3. The wafer notch detection method according to claim 1, characterized in that, Image alignment of the template image and the processed measurement image includes: Fourier transforming the template image and the processed measurement image to obtain a frequency domain representation F of the template image R and a frequency domain representation F of the processed measurement image T ; computing a cross-correlation coefficient of the frequency domain representation F R and the frequency domain representation F T , resulting in a cross-correlation coefficient matrix; and The maximum value is searched in the cross-correlation coefficient matrix, and the coordinates of the maximum value in the cross-correlation coefficient matrix are used as the offset vector of the processed measurement image relative to the template image.

4. The wafer notch detection method according to claim 1, characterized in that, The final set of wafer notch contour points is obtained based on the offset vector, including: The wafer notch contour point set in the template image is translated based on the offset vector to obtain the wafer notch contour point set in the processed measurement image. The final wafer notch contour line is determined based on the wafer notch contour point set in the processed measurement image.

5. The wafer notch detection method according to claim 4, characterized in that, The final wafer notch contour line is obtained based on the offset vector, and further includes: After obtaining the contour point set of the wafer notch in the processed measurement image, the contour point set of the wafer notch in the processed measurement image is adjusted to determine the final contour line of the wafer notch.
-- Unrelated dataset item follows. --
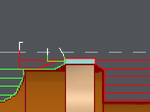 die Radierer Taste ermöglicht es Ihnen, ein Element zu "umgehen". Sie wird zum Beispiel für eine Nut verwendet, die Sie nicht schruppen möchten (wie im folgenden Bild gezeigt, wo die gelöschten Elemente mit einem roten Kreuz dargestellt sind).
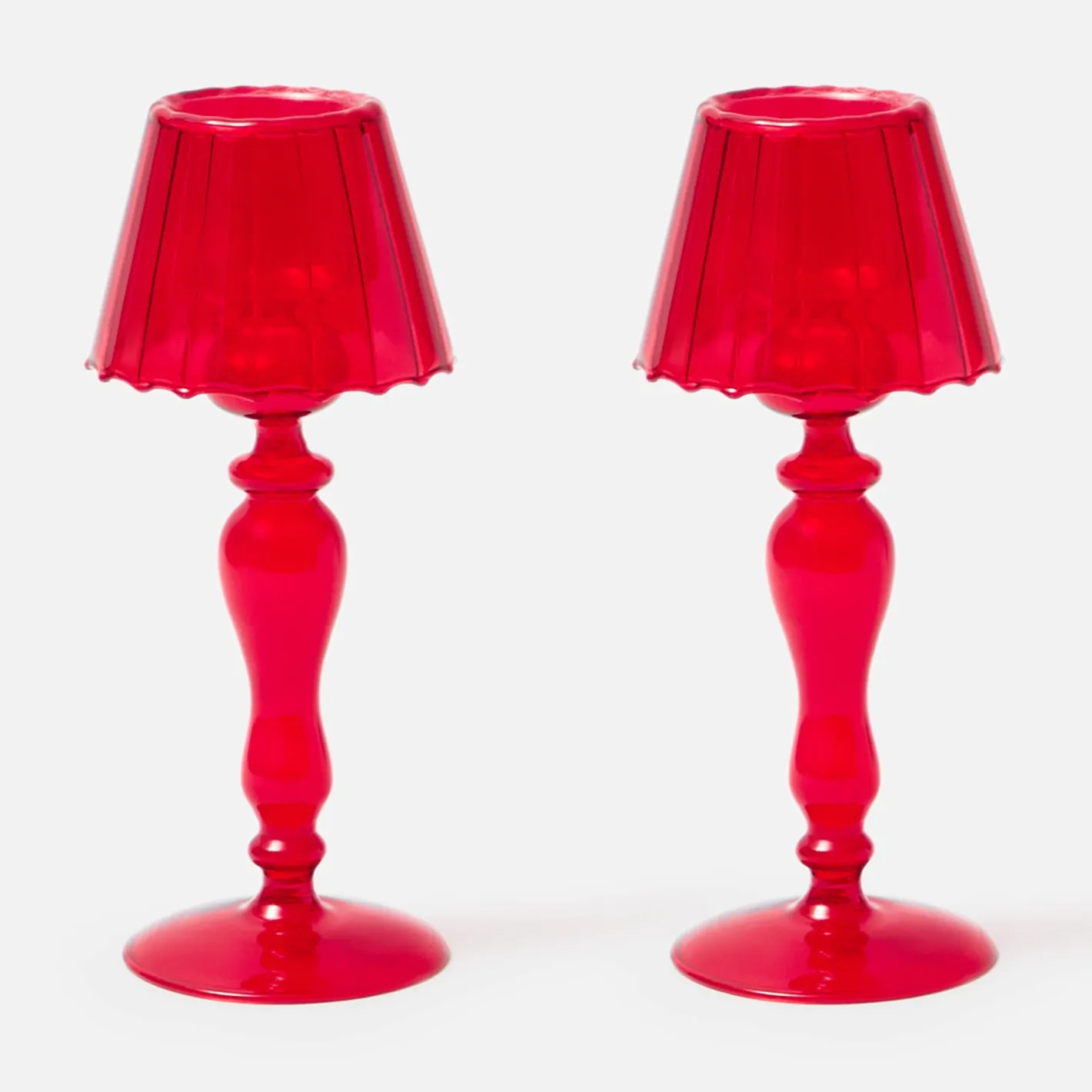 Candle Holders | Tea Light Lanterns<Mrs. Alice Red Glass Lantern Tea Light Holder (Pair) – 24 cm

6. The wafer notch detection method according to claim 5, characterized in that, Adjusting the contour point set of the wafer notch in the processed measurement image includes: Each point in the wafer notch contour point set in the processed measurement image is used as the center to translate to obtain an m×n contour point set matrix, where m and n are both integers greater than 1; Calculate the score for all contour point sets in the contour point set matrix; and The final wafer notch contour is determined based on the set of contour points corresponding to the maximum value in the score.

7. The wafer notch detection method according to claim 6, characterized in that, Calculate the score for all contour point sets in the contour point set matrix, including: The score of a contour point set is the sum of the pixel value differences between two adjacent pixels in a direction perpendicular to the contour line direction corresponding to that contour point set.

8. A wafer notch detection device, characterized in that, include: processor; A memory in which executable instructions of the processor are stored; The processor is configured to perform the steps of the wafer notch detection method according to any one of claims 1 to 7 by executing the executable instructions.